Feb 12, 2019Petra-X rated it liked it
Shelves: medicine-science, reviewed, 2019-100-reviews, 2019-read


My third Carl Zimmer book in a week. It isn't an outstanding 10-star as She Has Her Mother's Laugh: The Powers, Perversions, and Potential of Heredity or a brilliant and illuminating (and gross) Parasite Rex: Inside the Bizarre World of Nature's Most Dangerous Creatures, worth 5 stars. Instead it is a very short book about viruses and there really isn't much to say about viruses.

I did learn about phages and phage therapy as an alternative to antibiotics and how the Russians have pursued this therapy, but being as antibiotics are cheaper and easier to make and sell for a lot of money, the capitalist West more or less abandoned it. As the overuse of antibiotics encourages resistant mutations in viruses, so will other treatments have to be explored.

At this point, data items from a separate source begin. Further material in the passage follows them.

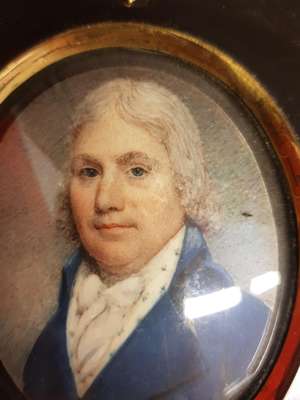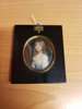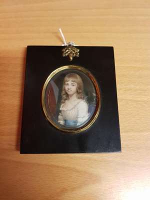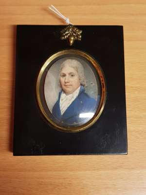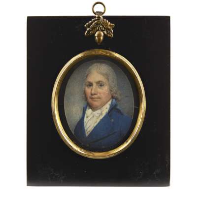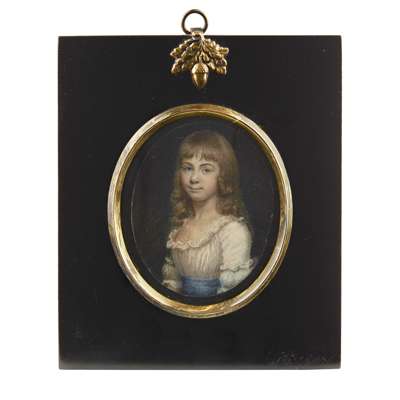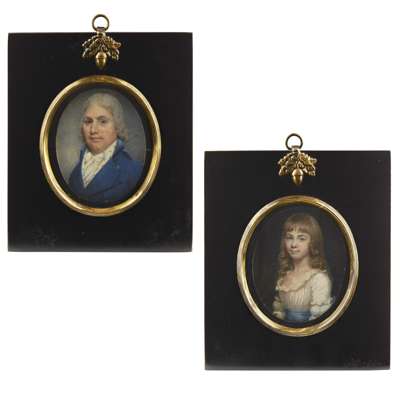 oval, watercolour on ivory, the first of girl in an Empire waist dress with blue sash, the second a gentleman in a blue coat, in glazed ebonised frames (2)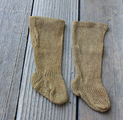 Title (ebay affiliate link): Lovely Antique French Fashion China Dark Green Open Weave DOLL SOCKS Stockings
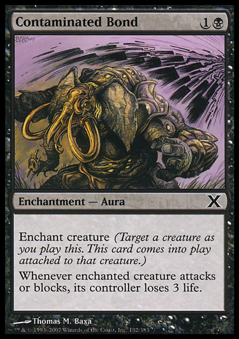 Magic: the Gathering (mtg) Common Enchantment - Aura Contaminated Bond from Tenth Edition (10E) last updated 2026-02-21 17:44:02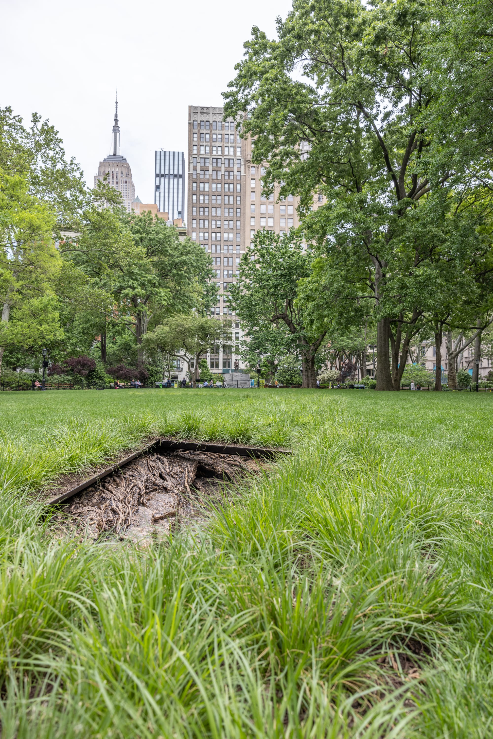 Two bodies of water once coursed underneath Madison Square Park. Spanish artist Cristina Iglesias engages with the layered, largely forgotten geographic history of this urban green space in a site-responsive installation of five subterranean bronze sculptures with elaborate bas-reliefs through which water flows.

As most people who read up on HIV/AIDS (and it was more or less impossible not to in the 90s) I knew about retroviruses with their single 'thread' of dna. I knew about vaccinations, about the eradication of smallpox, of why Ebola is self-limiting and that even viruses might have viruses too! The debate on whether viruses are alive or not still continues.

So that was that. 3 star. (less)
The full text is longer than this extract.